In effect, then, the 2011 census operationalized and thereby naturalized an antiquated and dangerous understanding of the caste system, encoding in its data model a theory of caste to which no current stakeholder would subscribe, at least openly. As Philip puts its, the “infrastructures of the [older] census passed into common sense cultural belief even as its scientific basis was eroded.” But, since no one really ever questions the data model of a database, because there is no practice or discourse with which to have such a discussion in the public sphere, the silence of the model in effect establishes its transcendence.

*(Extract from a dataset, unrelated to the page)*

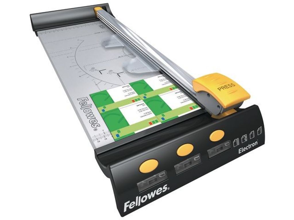 Rullskärmaskin för A3-format – lämplig för mindre omfattande uppgifter. Rullskärmaskin, Fellowes Electron. Med unik SafeCut LED-guide som är mer exakt än rullskärmaskiner med laser. Skärbladet byts enkelt ut så att man utan problem kan byta mellan rakt skär, vågformigt skär, fals/bockning och perforering. SafeCut- klingan blottas enbart när den används, vilket ökar säkerheten. - Integrerad placering av SafeCut™-klingan - Skärlängd: 46,5 cm - Skärkapacitet: 20 ark - Mått (anläggsbord): BxL 19,5 x 46 cm - Vikt: 1,6 kg - Best.enhet: styck

Philip concludes with a plea to revisit the data model and the methods of data entry employed by the census, and to embrace an alternate model to represent caste, one more in line with the indeterminacy and messiness of the facts as lived. Although she suggests following the model of a crowdsourced folksonomy, she leaves the technical question to one side and asks another, more open one: “What would it mean to democratize the process [in the first place]?” What would it mean to have a participatory software development process applied at scale? At the scale of more than a billion? And that’s a very interesting question.
Although the kernel of Philip’s account is not new — that databases encode, reproduce, and often amplify bias is a commonplace — what is new is the context, and the various dimensions of inquiry it opens up. One dimension is historical, since the database in question has a genealogy that goes back to the late 19th century. Indeed, the connection between databases and census taking is one that goes far beyond India and touches on the origins of data science itself. Recall that IBM’s* first “business machine,” Holreith’s punched card tabulating machine, was designed precisely to count census data — the 1890 census, whose unexpectedly large numbers resulted from the second great wave of immigration in US history — and that, further, the entire field of statistics, of which census taking is a central activity, was developed as part of the project to manage national populations. Many of the conclusions drawn from Philip’s case may profitably be “abducted” to the general level, at least to generate hypotheses and interesting avenues of research.
Another dimension of Philip’s case is what might be called the mechanics of bias.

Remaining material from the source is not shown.